The HR Audit Checklist: 10 Areas Every Small Business Should Review
Most compliance problems are visible before they become expensive. A systematic HR audit finds them first.
An HR audit finds exposure before a regulator or lawyer does. Here are the ten areas every small business should review.
Why an HR audit matters at the small company stage
Most employment law violations at small companies are not intentional. They happen because someone set up a process without knowing the rules, or because the business grew past a compliance threshold without anyone noticing. An audit surfaces these gaps systematically.
The goal is not to generate a list of failures. It is to understand your actual risk exposure and prioritize what to fix first. Most companies find two or three genuinely urgent items and a longer list of lower-priority improvements.
The ten areas to review
A thorough HR audit covers the following areas, each of which carries its own set of legal requirements and practical risks.
- Worker classification: Review every contractor relationship using the IRS behavioral and financial control tests. Misclassification is the highest-penalty compliance risk at most small companies.

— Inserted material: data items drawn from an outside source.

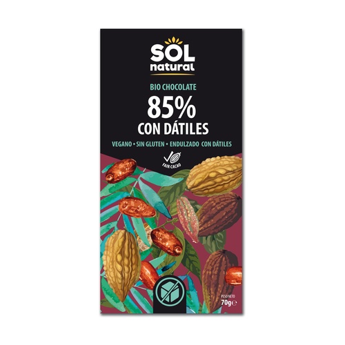 85%-os vegán csokoládé datolyával, Bio, Sol Natural.
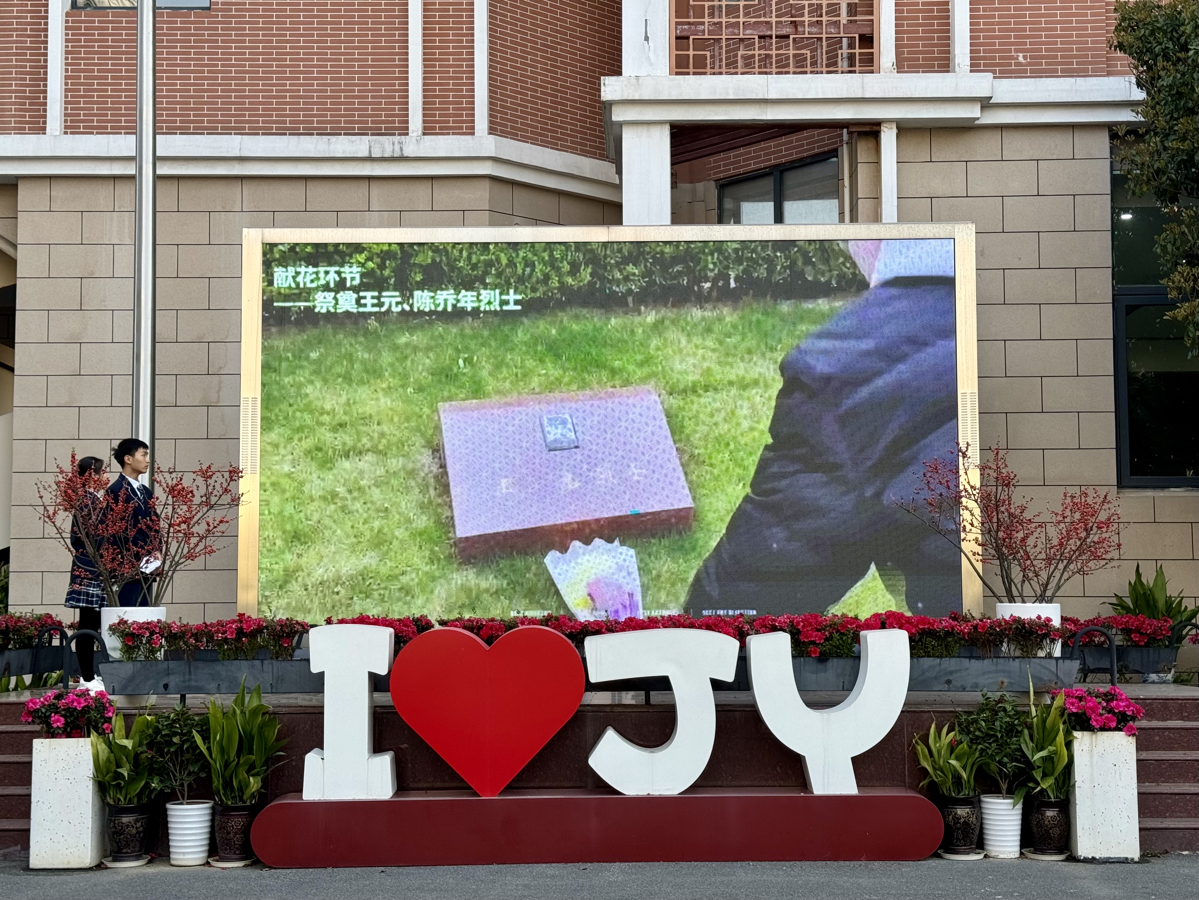 接着播放了一段来自高二(4)班的邹欣彦同学和高二(6)班的蔡文曦同学一同前往龙华烈士纪念馆缅怀英烈的视频,旨在铭记革命前辈的光荣事迹,坚定信仰,牢记使命,乘长风而破万浪,以英烈精神之光照亮人生的奋斗征途。
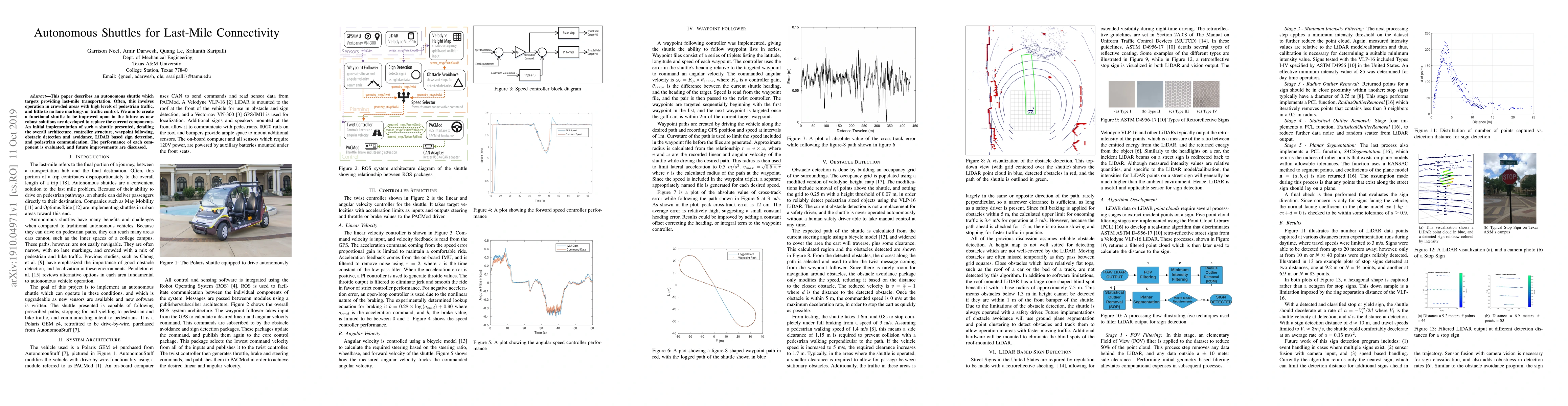 This paper describes an autonomous shuttle which targets providing last-mile transportation. Often, this involves operation in crowded areas with high levels of pedestrian traffic, and little to no lane markings or traffic control. We aim to create a functional shuttle to be improved upon in the future as new robust solutions are developed to replace the current components. An initial implementation of such a shuttle presented, detailing the overall architecture, controller structure, waypoint following, obstacle detection and avoidance, LiDAR based sign detection, and pedestrian communication. The performance of each component is evaluated, and future improvements are discussed.
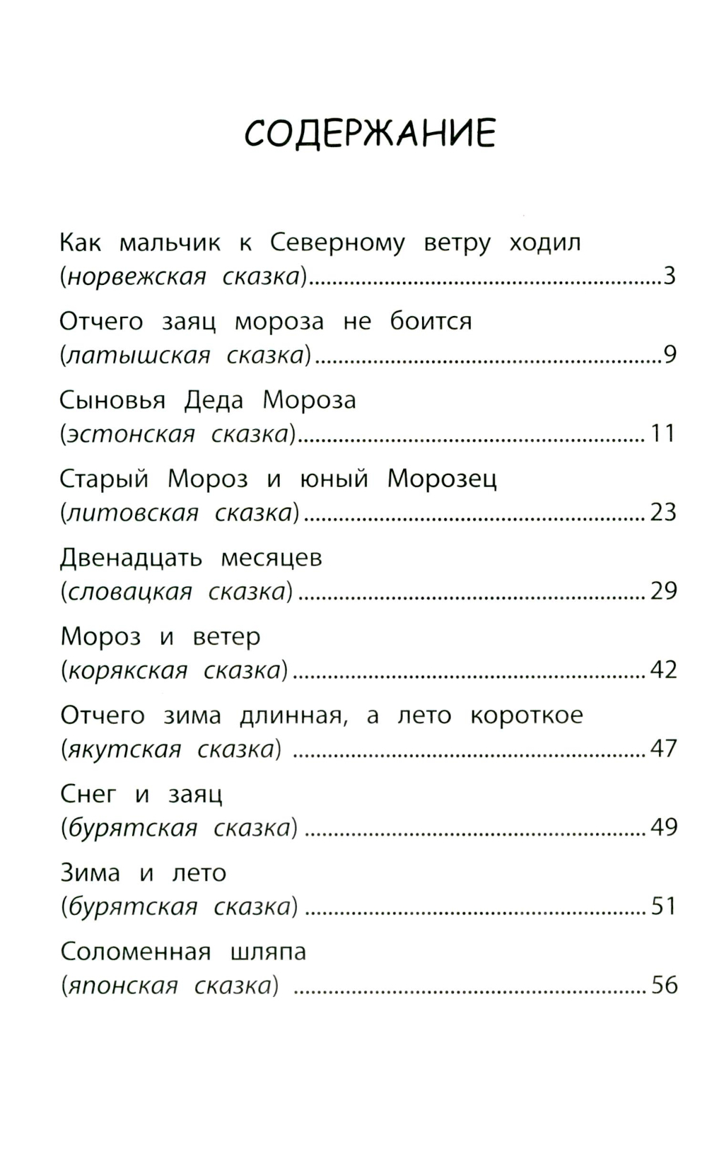 В сборник вошли сказки разных народов: норвежцев, латышей, эстонцев, литовцев, словаков, коряков, якутов, бурятов, японцев. Вы найдёте здесь сказки про зиму и лето, про мороз и ветер, про приключения Марушки в зимнем лесу, про путешествие храброго мальчика в зимние владения Северного ветра. Любите сказки, читайте сказки детям, чтобы они росли и набирались мудрости вместе с героями сказок!| Издательство | Феникс |

- Employee handbook: Confirm your handbook is up to date, has been distributed and acknowledged by all employees, and includes all legally required policies for your state.
- Job descriptions: Verify that every role has a written job description and that the descriptions accurately reflect the work being performed. Outdated descriptions create FLSA and ADA exposure.
- Wage and hour compliance: Review overtime calculations, exempt status classifications, meal and rest break practices, and pay stub requirements for your state.
- I-9 compliance: Audit your I-9 files for completeness and timing. Missing or incomplete I-9s carry per-violation fines that compound quickly.
- Leave administration: Confirm you are tracking FMLA (if you are covered), ADA accommodations, and any state-specific leave entitlements consistently.
- Performance documentation: Review whether terminations in the past 12 to 24 months are supported by a documented performance record. Undocumented terminations are your most common employment litigation exposure.
- Pay equity: Run a basic pay equity analysis by role and review for unexplained gaps by gender or race. Even informal analysis is better than none.
- Personnel file maintenance: Confirm that personnel files are complete, properly separated (medical records must be kept separate), and secured with appropriate access restrictions.
- Benefits compliance: Review your health plan documents, COBRA notices, and retirement plan compliance if applicable. Benefits errors are common and can carry significant penalties.
What to do with the results
Prioritize findings by risk level: items that carry regulatory penalties or active litigation exposure should be addressed first, within 30 days. Structural improvements like updating your handbook or improving documentation practices can follow on a 60 to 90 day timeline.
Document the audit itself and your remediation plan. If you are ever subject to a regulatory inquiry or lawsuit, evidence that you identified a problem and took action to fix it is meaningful. Evidence that you knew about a problem and ignored it is not.